Switching to standard time: the impact on your sleep and health

November 03, 2022 2:00 p.m

University of Utah Health Communications

Time to go back, which means another hour of sleep. It will get dark earlier, but we will gain an hour of light in the morning. And while the early evening sunset can be terrible, most sleep experts and organizations support keeping standard time constant throughout the year. That’s why.

This is consistent with our circadian biology

Light is a critical synchronizer of our circadian rhythm. This is because our bodies are automatically stimulated and adjusted to the time of the sun. This is optimal for daytime functioning and nighttime sleep, according to the American Academy of Sleep Medicine (AASM).

Research shows that during Daylight Saving Time (DST), more people are sleepy in the morning and have trouble moving.
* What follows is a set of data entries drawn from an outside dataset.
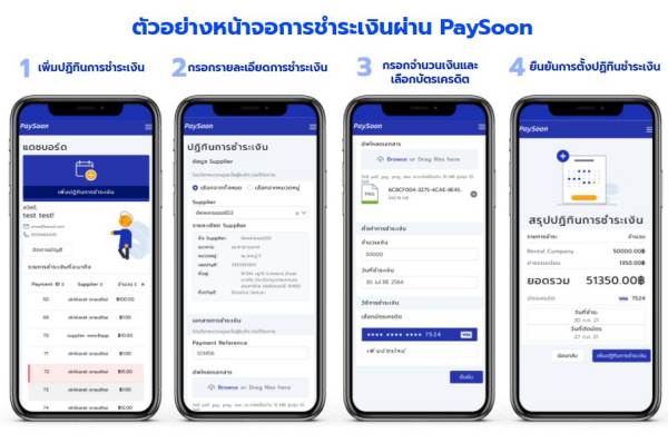 11 พฤษภาคม 2565, กรุงเทพฯ – เพย์ ซูน (PaySoon) โดย บริษัท เพย์โซลูชั่น จำกัด ผู้ให้บริการระบบชำระเงินออนไลน์แห่งแรกของประเทศไทย หวังช่วยการฟื้นตัวทางเศรษฐกิจและสร้างนวัตกรรมให้ธุรกิจดิจิทัลของไทย เปิดตัว เพย์ ซูน (PaySoon) เทคโนโลยีเสริมสภาพคล่องทางการเงินให้ธุรกิจไทย จับมือ วีซ่า ผู้นำการให้บริการการชำระเงินดิจิทัลระดับโลก และ ธนาคารกรุงเทพ จำกัด (มหาชน) เพิ่มโอกาสและช่วยให้องค์กรสามารถดำเนินธุรกิจได้อย่างต่อเนื่อง ด้วยระบบการชำระเงินออนไลน์ระหว่างผู้ขายกับผู้ชื้อที่เป็นนิติบุคคล ผ่านบัตรเครดิตนิติบุคคล ขยายระยะเวลาการชำระเงิน และเร่งเวลาการรับเงินรวดเร็วขึ้น ช่วยสร้างสภาพคล่อง ลดต้นทุนบริหารจัดการ พร้อมปลอดค่าบริการแรกเข้าและค่าบริการรายเดือน มีเพียงค่าธรรมเนียมเฉพาะธุรกรรมที่ใช้จ่ายจริงเท่านั้น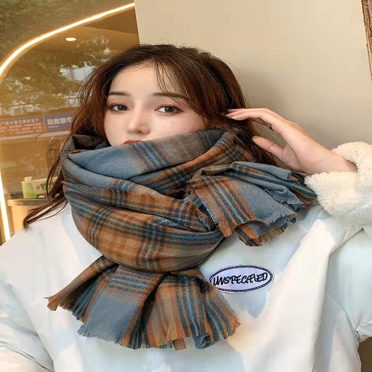 围巾女秋冬保暖仿羊绒日系复古格子围巾双面流苏披肩学生情侣围脖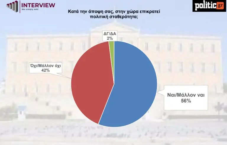 Η αναγωγή της πολιτικής σταθερότητας σε εθνική αναγκαιότητα ήταν από τα βασικά προεκλογικά μηνύματα της ΝΔ, και το γεγονός ότι η πλειοψηφία των ερωτηθέντων (56%) θεωρεί ότι στη χώρα επικρατεί πολιτική σταθερότητα δείχνει ότι το κυβερνών κόμμα κέρδισε το συγκεκριμένο στοίχημα.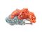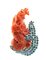 ASCIONE: spilla in oro, corallo cerasuolo e diamanti blu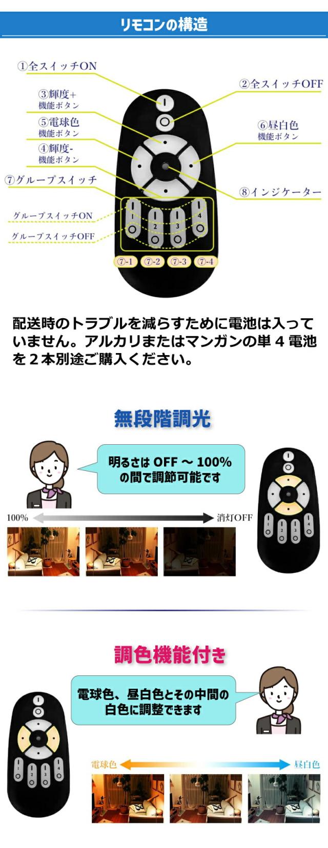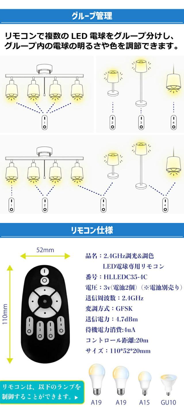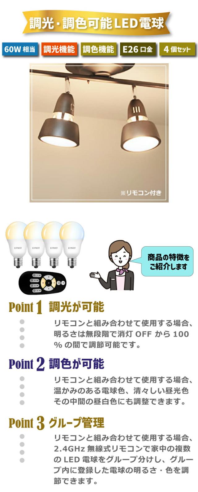 | 商品説明 | LED電球 60w形相当 E26口金 900LM 調光 調色 リモコン付き LEDランプ 消費電力8.3W 遠隔操作 昼光色 昼白色 電球色 常夜灯 広配光タイプ 省エネ 高輝度 3年保証 4個セット(電池別売) |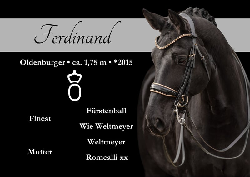 Liebe Interessenten, Für Terminvereinbarungen Probereiten senden Sie mir bitte eine WhatsApp. Für weitere Fragen bin ich tagsüber per WhatsApp erreichbar, telefonisch erreichen Sie mich am Besten zwischen 16 und 19 Uhr. Ich freue mich auf eine Kontaktaufnahme www.angelina-devittorio.de ⭐️Ferdinand⭐️ Alter: 10 Jahre (2015) Größe: ca 1,75m Abstammung: Finest x Rotspon Ausbildungsstand: S* siegreich AKU: Gute Röntgenbilder vorhanden Traumhaftes Dressurpferd – Lackschwarzer Wallach S siegreich ✨ Zum Verkauf steht Ferdinand, ein im Hengsttyp aufgemachter, lackschwarzer Sohn des Finest aus einer Weltmeyer-Mutter. Dieser traumhafte Wallach ist siegreich bis S* und verfügt über zahlreiche weitere Platzierungen in diesem Bereich. Ferdinand überzeugt nicht nur durch seine hervorragende Grundqualität, sondern ebenso durch seine Lektionssicherheit, seine Rittigkeit und seinen absolut liebenswerten Charakter. Er ist ein ausgesprochen menschenbezogenes Pferd, das seinem Reiter jeden Tag Freude bereitet und stets gefallen möchte. Er ist sehr leicht und angenehm reiten – auch auf Trense – und eignet sich aufgrund seines Wesens und seiner Rittigkeit ideal für Junioren. Ferdinand ist seit vierjährig in einer Hand und wird nur schweren Herzens in allerbeste Hände abgegeben. Im Gelände zeigt er sich brav, nervenstark und unerschrocken und ist für jeden Spaß zu haben. Ferdinand ist absolut amateurtauglich, ein fördernder Platz – gerne auch bei einer talentierten Juniorin – wäre wünschenswert. Zudem liegen gute Röntgenbilder vor Videos versende ich gerne auf Anfrage per WhatsApp 0491713438949 ⚜️Tel: 0171-3438949 ⚜️a.devittorio@web.de ⚜️https://www.ehorses.de/angelinadevittorio Facebook und Instagram Angelina De Vittorio

This is especially problematic for children.

“It’s more difficult for teenagers because their circadian rhythms change during puberty, where they go to bed later and wake up later,” says Kelly Glazer Baron, PhD, MPH, DBSM, a clinical psychologist at Behavioral Sleep Medicine at University of Utah Health. “The problem with that is that classes start early, which makes it harder for them to wake up.” But Baron points out that morning light can help their circadian rhythms.

It’s good for your sleep health

Permanent daylight saving time would allow more darkness in the morning and more light at night, which misaligns our circadian rhythm with the environment – meaning we go to bed later and rise earlier than sunrise/sunset due to our daily duties. According to the AASM, evidence shows that the body’s clock does not adjust to daylight saving time for several months. This can potentially cause sleep disruption and lead to chronic sleep loss.

Baron adds that if daylight saving time were permanent, it wouldn’t get up until 9:00 a.m. in Utah some weeks of the year. And in the height of summer, it can push bedtimes later (for adults and children) due to late night sunsets, especially in western time zones.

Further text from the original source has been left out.